Ontvangen 27 januari 1998

In antwoord op de vraag van de leden van de PvdA-fractie kan het volgende worden opgemerkt.

Zoals de leden van de PvdA-fractie constateren, biedt de kaderrichtlijn luchtkwaliteit een basis voor dochterrichtlijnen waarin normen voor luchtkwaliteit kunnen worden vastgelegd. Zij merken op dat het met de implementatie van deze kaderrichtlijn luchtkwaliteit nog niet geheel duidelijk is voor onder meer lagere overheden, hoe luchtkwaliteitsnormen uit de dochterrichtlijnen in de toekomst gehandhaafd kunnen worden. Zij zouden graag vernemen hoe de regering deze situatie beoordeelt.
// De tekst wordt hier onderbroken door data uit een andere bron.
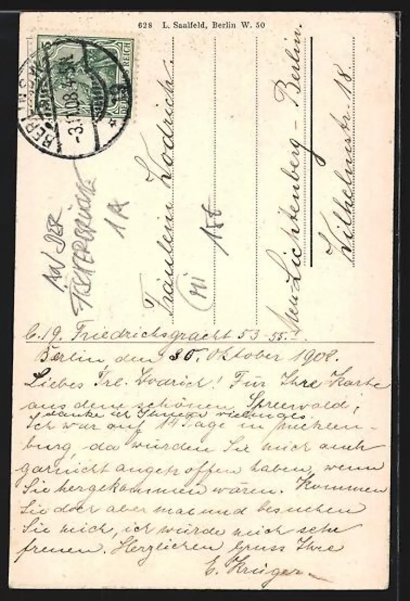 gelaufen 1908, Eckknicke li. oben, guter Zustand
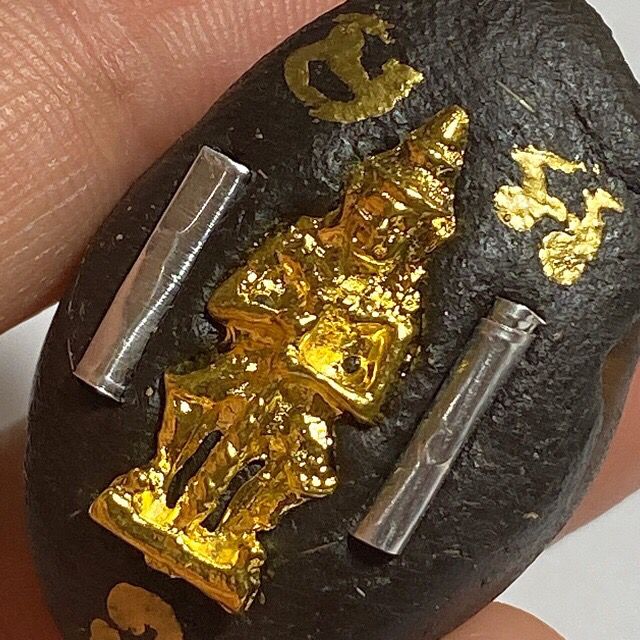 According to the creators, the highlight of this Jantr Pen edition is its ability to "reverse bad fortune and ward off evil." This means it helps transform misfortune into good luck and protects against inauspicious energies. Inside the shell, consecrated mercury and sacred powder for destiny enhancement are sealed, an ancient technique that boosts protective and evasive powers. Additionally, two silver “Na Setthi” Takrut are inserted to enhance wealth and prosperity for the wearer and a Loi Ongk Statuette of Tw Waes Suwann.

Als reactie daarop dient in de eerste plaats te worden opgemerkt, dat eerst na vaststelling van de dochterrichtlijnen en implementatie daarvan in de Nederlandse regelgeving, (nieuwe) normen voor luchtkwaliteit zullen worden gesteld. Bij de implementatie van die dochterrichtlijnen zal worden vastgelegd hoe de luchtkwaliteitsnormen dienen te worden gehandhaafd.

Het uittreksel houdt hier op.